Hay un principio fundamental dentro del liberalismo, y es el de que una persona puede cambiar de ideas. Casi cabría pensar que es una petición de principio. Eso quiere decir que no importa cuan odiosas puedan ser sus ideas, ni cuanta crítica crea uno que merecen, toda la crítica se queda en el espacio etéreo de las ideas, sin referirse en ningún momento a la persona.
Si el lector tiene la sensación de que este argumento está envuelto en algodón de azúcar, y que en realidad no es así como funcionan las cosas, tenga en cuenta dos cosas: la primera es que para el liberal no hay una vinculación necesaria entre la persona y sus ideas. Y aunque éstas, llevadas a la práctica, supongan una amenaza para él o ella, siempre queda la esperanza de que cambie de parecer. De modo que sí, se puede odiar al nacionalismo o al socialismo, sin por ello odiar a la persona que profiere esas ideas.

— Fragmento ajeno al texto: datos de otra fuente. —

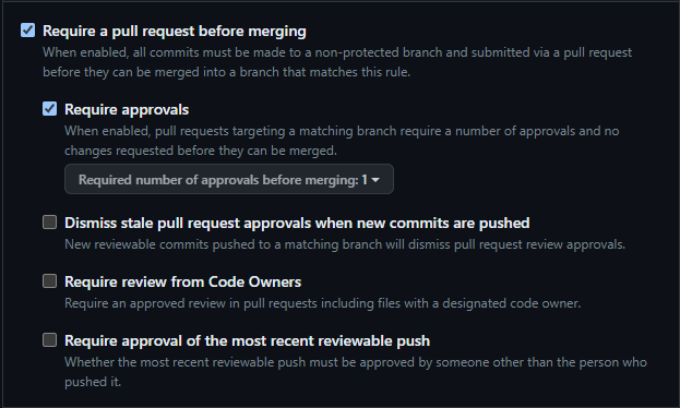 | Require a pull request before merging | merge 전에 pull request를 강제하는 옵션 대상 브랜치에 대한 모든 변경 사항이 일반적인 push가 아니라 PR을 통해 이루어져야함. 세부적으로 코드 리뷰가 필요한지, 몇명의 리뷰가 있어야 하는지 등을 설정 가능 |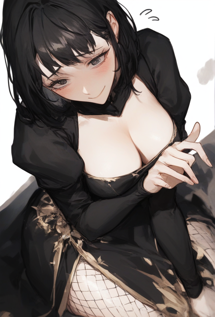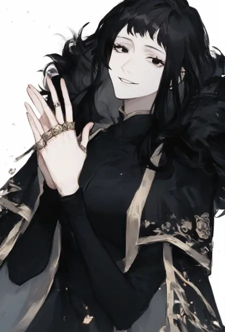 black dress, black pants, black footwear, black coat, open coat, ring, multiple rings, fur trim, jewerly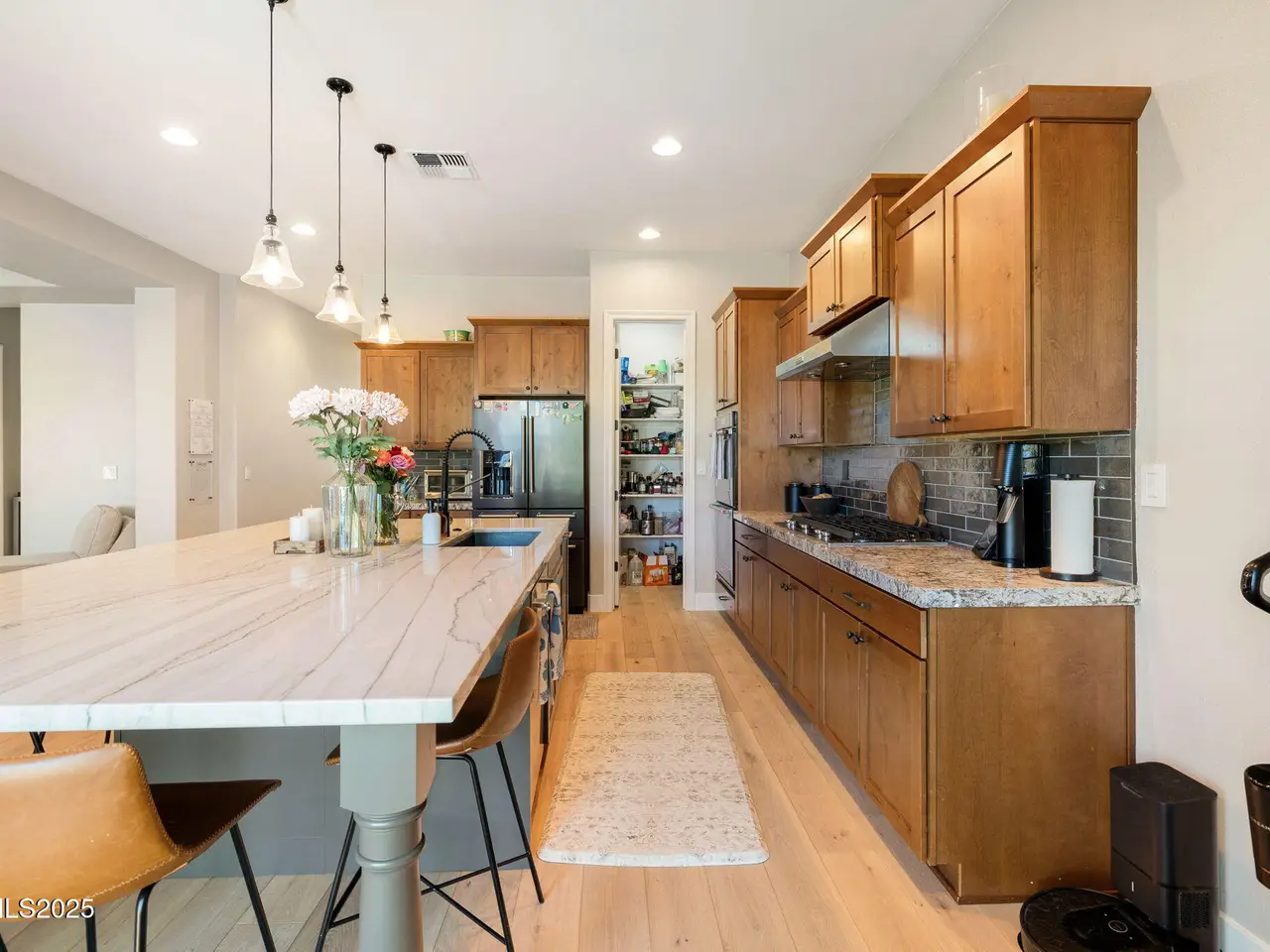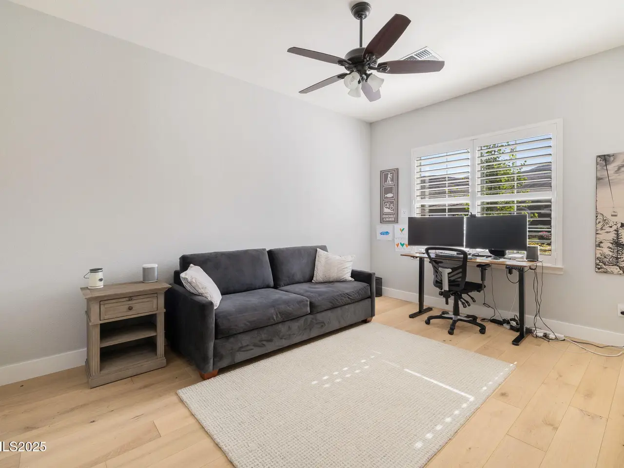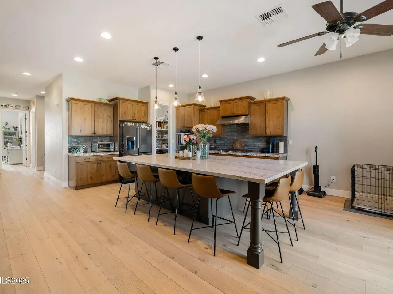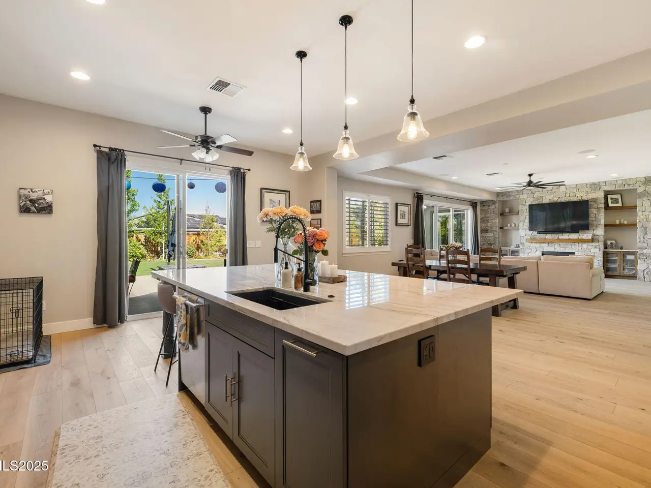 Welcome to this bright, open home in Saddle Ridge, a 24-hour gated community within the sought after Damonte Ranch development—offering both security and resort-style living. Natural light pours through wood floors into an open-concept great room, dining area, and kitchen that is perfect for daily family routines and casual gatherings. The private primary suite features a walk-in closet and serene en-suite bath, while a separate guest room and full bath add flexibility. Two additional bedrooms share a Jack and Jill bathroom, offering privacy and versatility. Step outside to your lush and oversized backyard, complete with built-in fire pit— an ideal backdrop for year-round outdoor enjoyment and a safe and fun haven for kids to play and grow. As a resident, enjoy exclusive access to a sparkling community pool, tennis and basketball courts, playgrounds, and scenic walking trails all just steps from your door. With a smart layout and a kid-friendly community, this home is ready to grow with your family.

Pero la segunda es que no todo el mundo, seguramente ya lo habrá apreciado, es liberal. Ni siquiera en este sentido de aceptar que el otro piense de un modo distinto al suyo sin darle la oportunidad de cambiar de parecer… o darse a sí mismo esa misma opción. Es decir, que desde otras formas de ver al hombre en sociedad sí tiene más sentido el odio ideológico.
El colectivista tiene una idea precisa de los males que le aquejan a la sociedad, de cuál es la forma que ésta debería adoptar si todos le hiciésemos caso, y de cómo amoldarla, ahormarla a como él desea. Casi puede tocar con las yemas de los dedos esa sociedad ideal, perfectamente justa. El plan está trazado y sólo falta llevarlo a cabo. Y aún hay quien se opone. Y si se opone, cuando a la vista de todos está la injusticia de la actual sociedad, y los beneficios de lo que está por venir, será porque tiene intereses enraizados en esta sociedad. Será que no quiere que cambie porque a él, o a ella, le conviene.

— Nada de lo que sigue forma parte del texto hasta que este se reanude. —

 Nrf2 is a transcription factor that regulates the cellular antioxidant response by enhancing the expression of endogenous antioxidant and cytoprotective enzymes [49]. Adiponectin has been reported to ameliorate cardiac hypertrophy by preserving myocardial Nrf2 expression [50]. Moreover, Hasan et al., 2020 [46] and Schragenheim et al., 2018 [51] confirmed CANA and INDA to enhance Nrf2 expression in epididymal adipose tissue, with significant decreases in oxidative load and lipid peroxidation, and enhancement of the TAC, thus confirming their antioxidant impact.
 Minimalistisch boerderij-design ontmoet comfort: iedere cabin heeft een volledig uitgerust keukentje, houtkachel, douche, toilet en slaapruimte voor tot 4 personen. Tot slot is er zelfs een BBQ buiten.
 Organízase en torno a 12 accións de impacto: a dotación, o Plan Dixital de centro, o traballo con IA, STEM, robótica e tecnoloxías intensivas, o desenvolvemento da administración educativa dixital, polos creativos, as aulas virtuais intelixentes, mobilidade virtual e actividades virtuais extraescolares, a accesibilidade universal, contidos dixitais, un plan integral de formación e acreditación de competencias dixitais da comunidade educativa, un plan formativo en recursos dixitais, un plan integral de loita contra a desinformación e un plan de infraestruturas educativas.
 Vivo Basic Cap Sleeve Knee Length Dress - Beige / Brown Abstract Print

Según esta forma de pensar, la relación entre las ideas y la persona es muy distinta. El reaccionario, el que quiere frenar el avance del progreso, entiende perfectamente que sus intereses están amenazados por los planes progresistas. Y desde ahí, desde sus intereses, crea un escudo ideológico. Pero es sólo eso. Como sus intereses no van a cambiar, tampoco lo harán sus ideas. Yo, como progresista, puedo despreciar sus ideas porque no son lo importante. Y, puesto que el otro antepone sus intereses espurios a los del conjunto de la sociedad, tengo el derecho, casi la obligación moral, de mostrarle como poco mi desprecio.
Es más, el reaccionario, ya se llame conservador o liberal, me tiene que odiar a mí, que al fin y al cabo estoy dispuesto a amenazar sus intereses para alcanzar un bien mayor. Lo que yo siento en aras de la justicia al oír sus opiniones, lo tendrá que sentir él o ella al escucharme a mí. Desde ese punto de vista es fácil de entender la intolerancia de los progresistas hacia las opiniones discrepantes.

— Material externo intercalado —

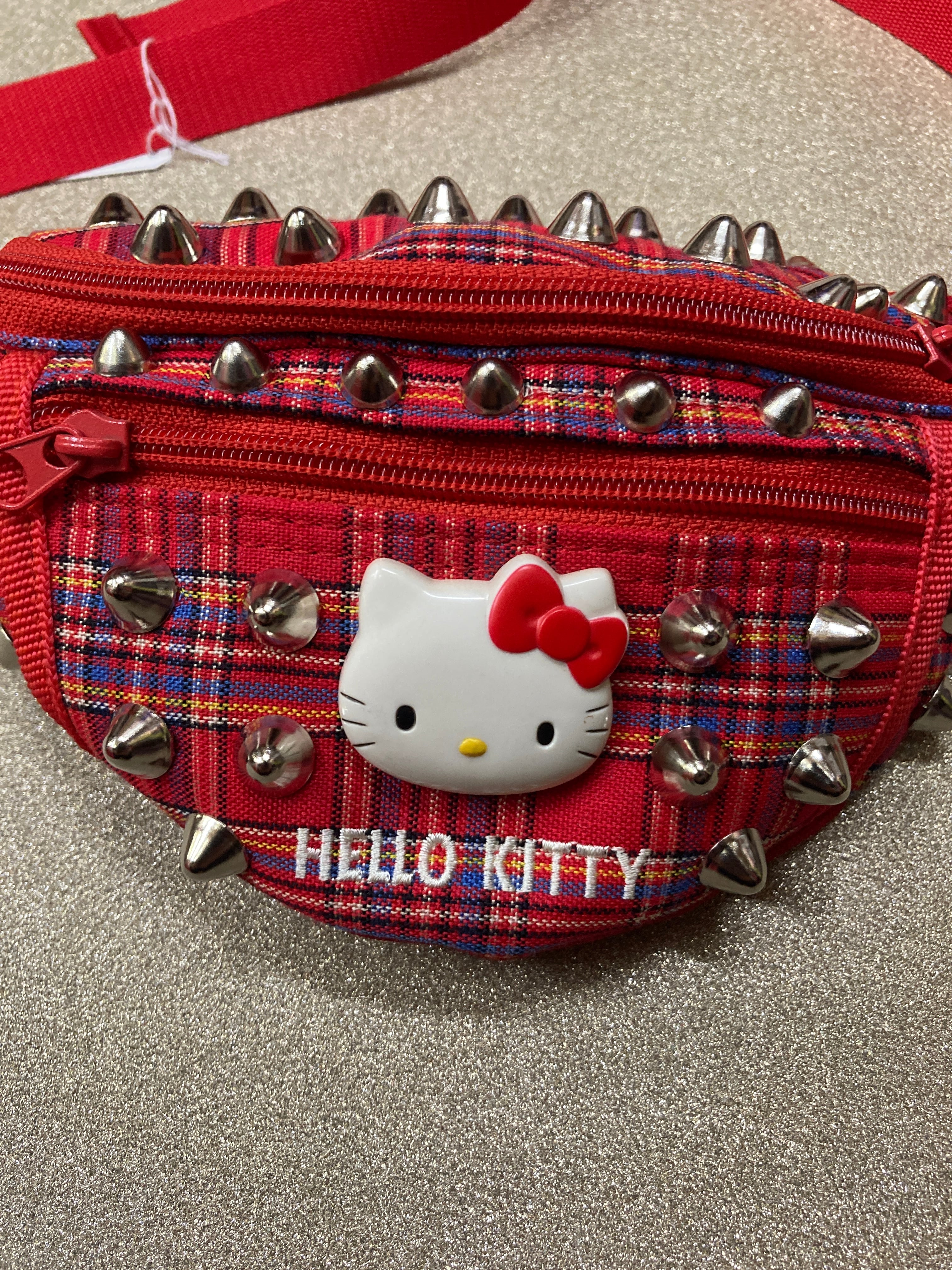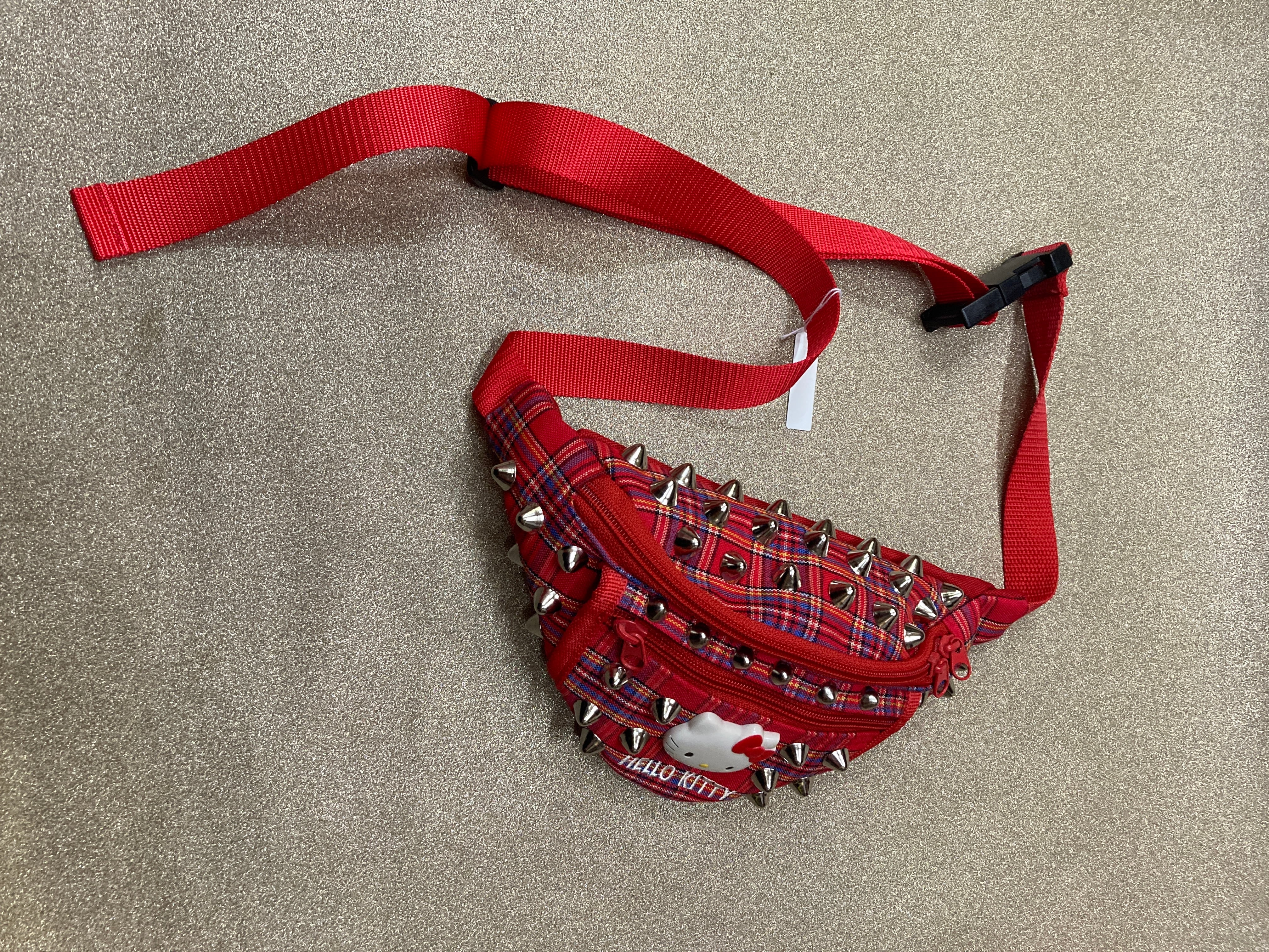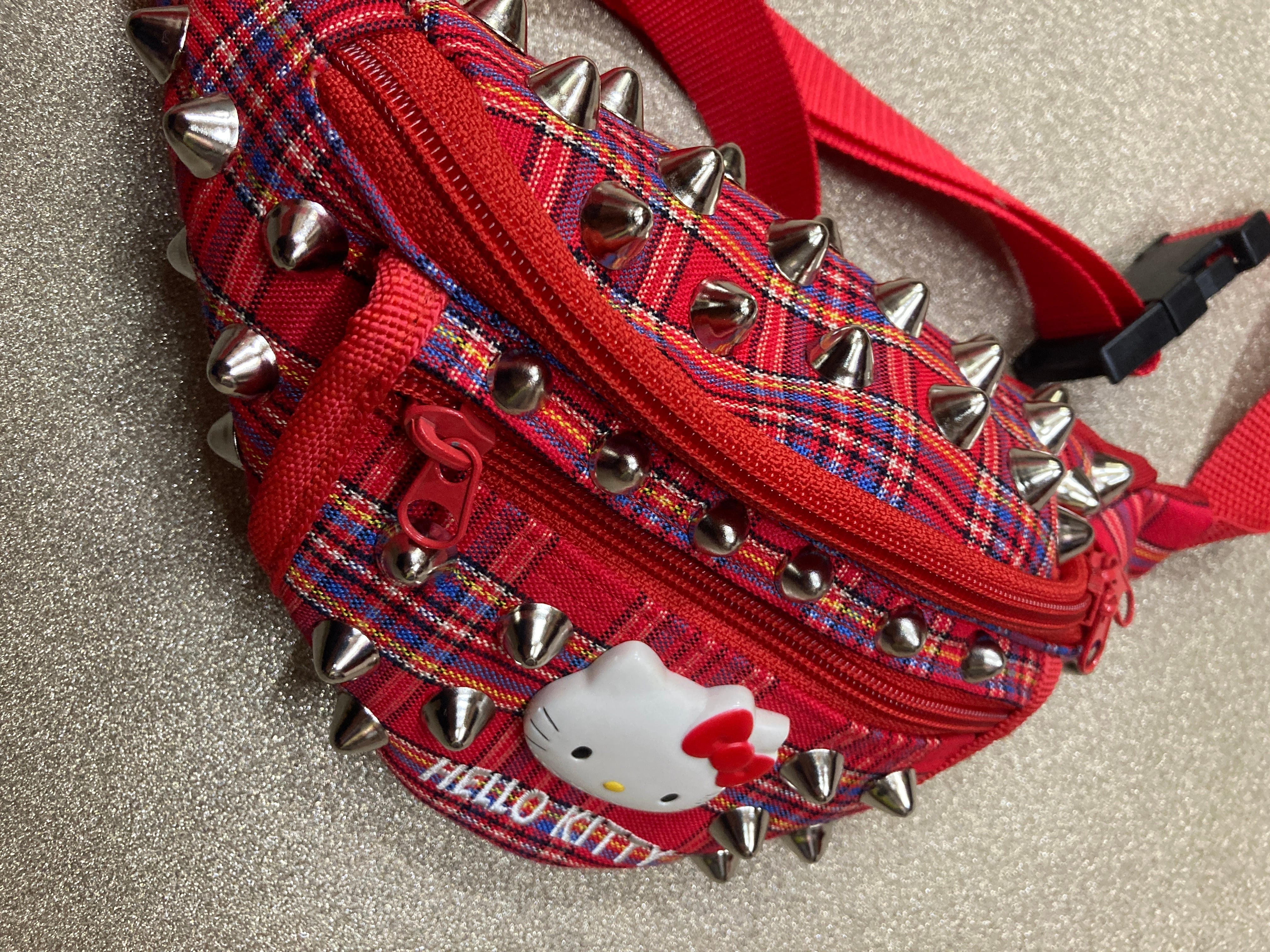 チェック&スタッズ組み合わせ可愛いウエストポーチ

Al final, mi amigo me reconoció que le parecían intolerables y censurables mis críticas a la izquierda, sentimiento que le reconocí plenamente, y me confesó que sentía odio hacia una formación política con la que, con evidente fracaso, quiso vincularme ideológicamente.
Reconozco que siempre he tenido poca paciencia con las palabras de Gregorio Marañón que definía el liberalismo como una conducta. Dice el médico: “Ser liberal es, precisamente, estas dos cosas: primero, estar dispuesto a entenderse con el que piensa de otro modo; y segundo, no admitir jamás que el fin justifica los medios, sino que, por el contrario, son los medios los que justifican el fin. El liberalismo es, pues, una conducta y, por lo tanto, es mucho más que una política. Y, como tal conducta, no requiere profesiones de fe sino ejercerla, de un modo natural, sin exhibirla ni ostentarla”.
Por supuesto que ser liberal es mucho más que tener esa actitud. Y por descontado que no es necesario serlo para adoptar esa actitud. O eso es lo que he pensado siempre. Pero quizás esté yo más equivocado que el intelectual madrileño.